Contrary to popular belief, heavy competition may actually lead to better performance by small banks.

At least that appears to be the case in St. Louis.

An American Banker comparative study of community banks in heavily competitive St. Louis and less-competitive Pittsburgh revealed that the St. Louis banks performed better on average in several key categories:

*They lent out more of their deposits, while earning 10 basis points more on assets and nearly 1.5% more on equity.

*Their net interest margin was 20 basis points above the average for small Pittsburgh banks.

*Their expenses, including for salaries, were slightly lower.

A St. Louis banker was pleasantly surprised by the findings.

"I'm really surprised that Pittsburgh doesn't have the same return on assets, given that there are fewer banks," said M. J. Ross, chairman and president of $385 million-asset Jefferson Bank and Trust Co.

"The only answer is that the banks (here) are run more efficiently. You can't rest at your oars here. There are a lot of banks that are dead in the water. And it shows in their numbers."

According to second-quarter call report data from Sheshunoff Information Services, small banks in both cities had about the same capital strength and asset quality, with Tier 1 leverage ratios of about 9.5% and only about 1% of their loans nonperforming.

The St. Louis and Pittsburgh metropolitan areas cover about the same amount of territory - 61.4 square miles and 55.5, respectively - and each is home to about 2.5 million people. But St. Louis has 85 banks of less than $3 billion of assets, while Pittsburgh has only 36.

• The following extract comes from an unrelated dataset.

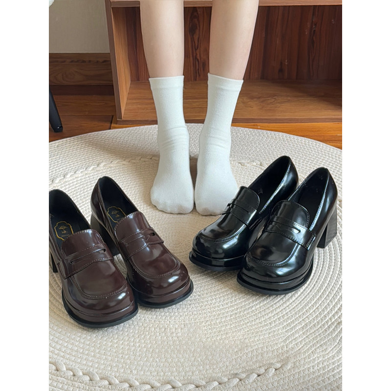 羊皮~棕色山茶花乐福鞋女2025新款通勤粗跟单鞋百搭英伦风小皮鞋
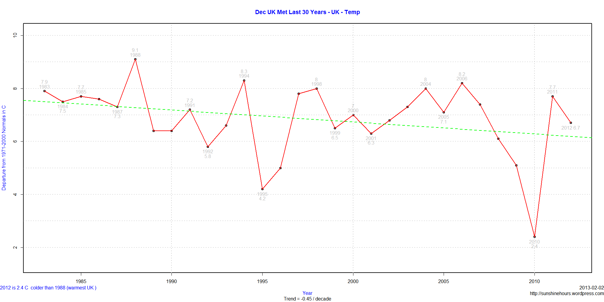 Using UK Met data from here, I noticed that Tmax for Decembers are cooling at -.45C / decade for 30 years. Thats a lot!

A number of bankers suggested that the heavy competition for loans and depositsin cities like St. Louis makes banks there beat the bushes for customers rather than just wait for them to walk through the door.

"Where there is a concentration of banking assets among just a few banks, they tend over time to become a little lazier," said Camden R. Fine, president and chief executive of Midwest Independent Bank, a bankers' bank in Jefferson City, Mo. "They tend to lose a little of that competitive edge. I don't think they work quite as hard to get the customer."

Anat Bird, who is chief financial officer of St. Louis-based Roosevelt Financial Group, agreed. "Competition creates entrepreneurial spirit," she said. "It makes them more aggressive and keeps them on their toes. If you want to survive, you have to be creative, you have to be resourceful."

Jockeying for business also pushes the banks to become more efficient and customer-oriented, and that benefits consumers in the long-run, observers said.

"Competition generally serves to make us all better and stronger," said Robert E. Marling, president and chief executive of $285 million-asset Woodforest Bancshares in Houston, a heavily banked market.

Such views, however, seem to contradict the concerns some community bankers raise when suddenly faced with new competition from start-ups or other small banks entering their markets.

"If you have 85 banks competing in a market area that is the same size as a market that 36 are competing in, those 85 banks have to compete a whole hell of a lot harder just to maintain their market share, let alone increase it," Mr. Fine said.

On a similar but smaller scale, Mr. Fine said, the numerous banks in Springfield, Mo., including four start-ups, are far more aggressive than those in St. Joseph, Mo., which like Pittsburgh is dominated by three regionals.

"It is because of the competition that the banks are doing better," Mr. Fine said. "It keeps the banks sharper. They're more vigilant; they stay closer to the customers."

And in fact, as the competitive environment in Pittsburgh has heated up recently, so have the banks' activities. "We're becoming more active," said John M. Kish, chairman of Great American Federal Savings and Loan Association in Pittsburgh. "Business doesn't walk in the door anymore."